Responsibilities
Product & Business Partnership
- Co-own problem discovery with Product/Business: translate objectives into well defined, testable problem statements, user journeys, and technical hypotheses.
- Challenge assumptions and requirements using user insights, data realities, feasibility constraints, and system impact recommend alternatives when they better achieve outcomes.
- Define and track success metrics (e.g., adoption, time saved, conversion, accuracy/quality, latency, reliability, cost-to-serve, risk reduction) and drive iteration when targets aren't met.
- Communicate clearly with executive, business, and engineering audiences - articulating trade-offs, decisions, and rationale.
Solution Leadership
- Lead end-to-end solution for GenAI products: APIs, services, data pipelines, orchestration, LLM integration, retrieval, tool-calling, and UI/UX touchpoints as needed.
- Make disciplined architectural trade-offs across performance reliability, cost, extensibility, maintainability, and time-to-value.
- Design for enterprise realities: identity/access, data residency, compliance constraints, multi-environment deployments, and integration with core systems.
- Drive platform thinking: prioritize reusable components (libraries, templates, shared services) over one-off builds.

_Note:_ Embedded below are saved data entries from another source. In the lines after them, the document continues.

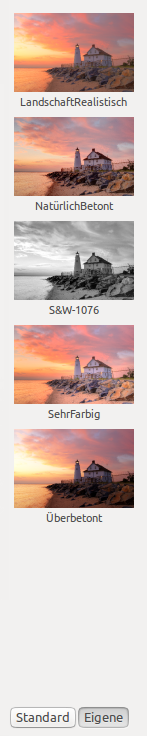 Standardvorgaben sind Vorgaben, die mit der Software mitgeliefert werden. Photomatix für Linux enthält 37 Standardvorgaben für Belichtungsreihen und 33 Standardvorgaben für die Bearbeitung eines einzelnen Fotos.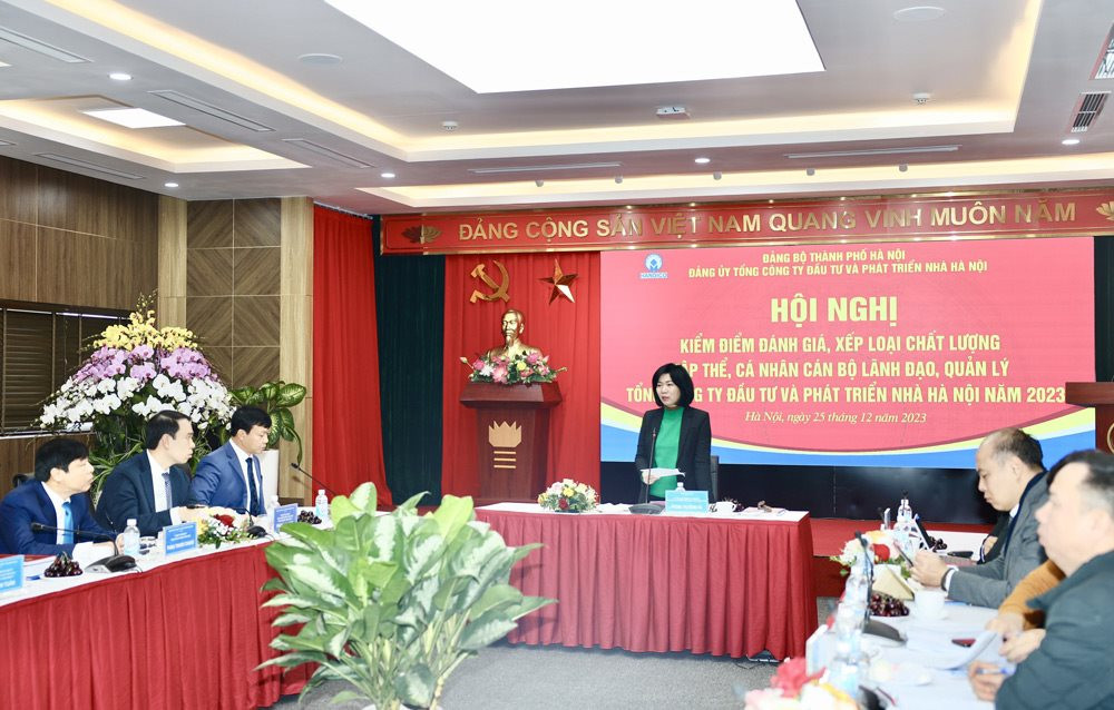 Ngày 25-12, Ủy viên Ban Thường vụ Thành ủy, Phó Chủ tịch Thường trực HĐND thành phố Hà Nội Phùng Thị Hồng Hà đã dự hội nghị kiểm điểm đánh giá, xếp loại chất lượng tập thể, cá nhân cán bộ lãnh đạo, quản lý Tổng công ty Đầu tư và Phát triển nhà Hà Nội năm 2023.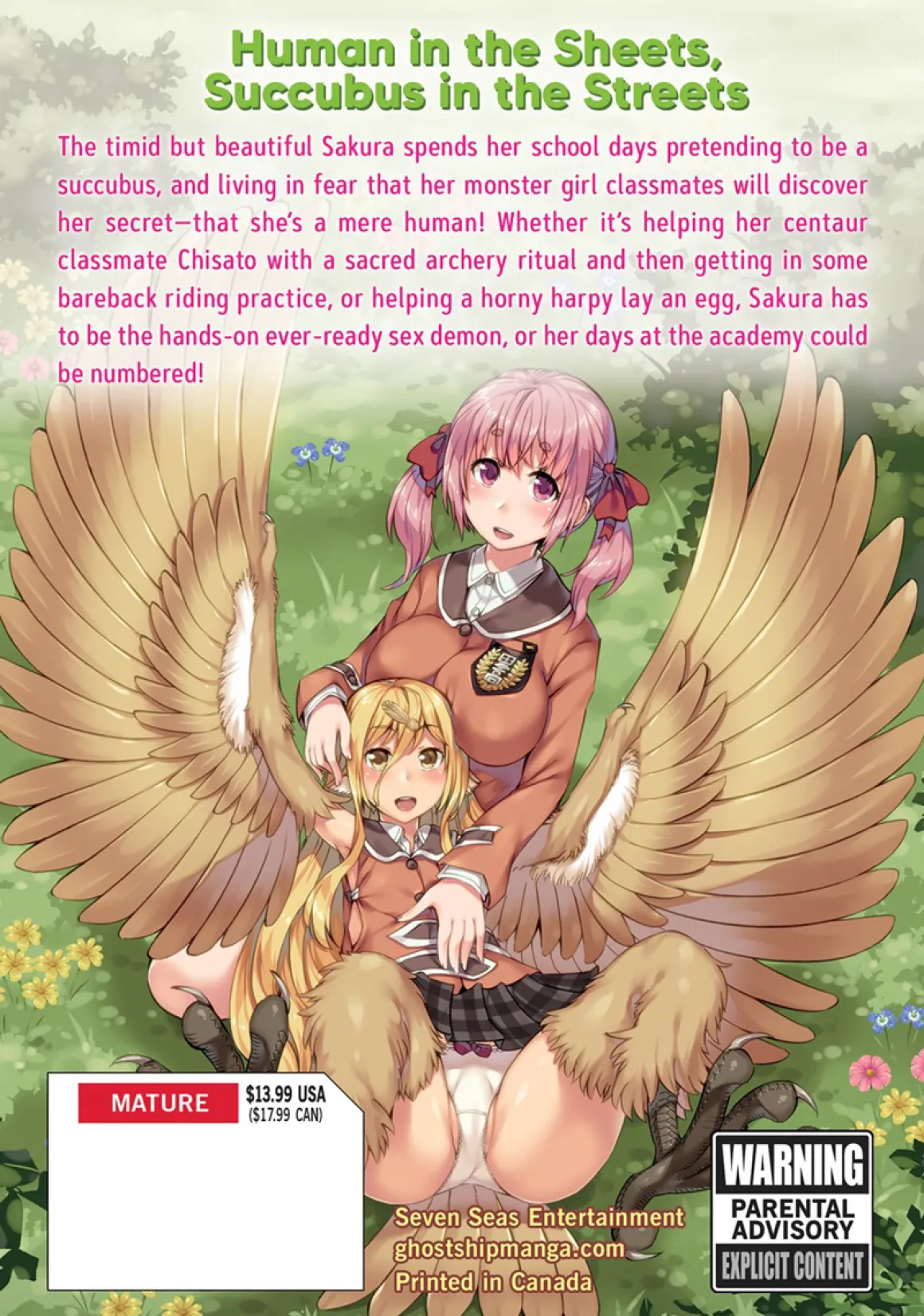 The timid but beautiful Sakura spends her school days pretending to be a succubus, and living in fear that her monster girl classmates will discover her secret—that she’s a mere human! Whether it’s helping her centaur classmate Chisato with a sacred archery ritual and then getting in some bareback riding practice, or helping a horny harpy lay an egg, Sakura has to be the hands-on ever-ready sex demon, or her days at the academy could be numbered!

Agentic & Full-Stack GenAI Applications
- Build and scale agentic GenAI applications that solve multi-step workflows on cloud platforms such as AWS and Azure.
- Define and implement robust LLM patterns (prompting, RAG, tool orchestration, validation, and evaluation).
- Implement LLMOps and lifecycle governance for models and prompts, including versioning, evaluation and monitoring.
- Ensure solutions meet enterprise standards for quality, reliability, latency, and cost.
- Embed Responsible AI, security, and compliance by design, partnering with Risk, Legal, and Security.
Engineering Excellence & DevOps
- Provide hands-on leadership across the SDLC: design reviews, coding standards, testing strategy, code reviews, security reviews, and operational readiness.
- Establish robust CI/CD and standardized environments for services and AI components utilizing cloud services.
- Ensure operational excellence through observability, incident management, reliability practices, and cost optimization.
Required Knowledge:
- Proven track record in designing and building GenAI solutions, with a strong expertise in prompt engineering, LlamaIndex, Langchain, RAG, Agentic AI workflow,
- Knowledge graph, AI red teaming libraries, LLM monitoring and evaluation.
- Over 7+ years of experience in the software development lifecycle as a developer, with a focus on writing production code.
- Must have hands-on experience working with software development toolkits, and devOps automation like Kubernetes, Airflow, Jenkins, Jira, Confluence and Git.
- Excellent programming skills in Python and proficiency in PySpark.
- Experience in DataBricks, AWS bedrock, Microsoft Copilot Studio and Azure ML.
- Strong leadership skill with ability to influence the thought process and drive alignment.
- Excellent communication skills and a demonstrated ability to collaborate effectively with cross-functional teams.
- Self-motivated and highly driven individual who can thrive in ambiguous requirements.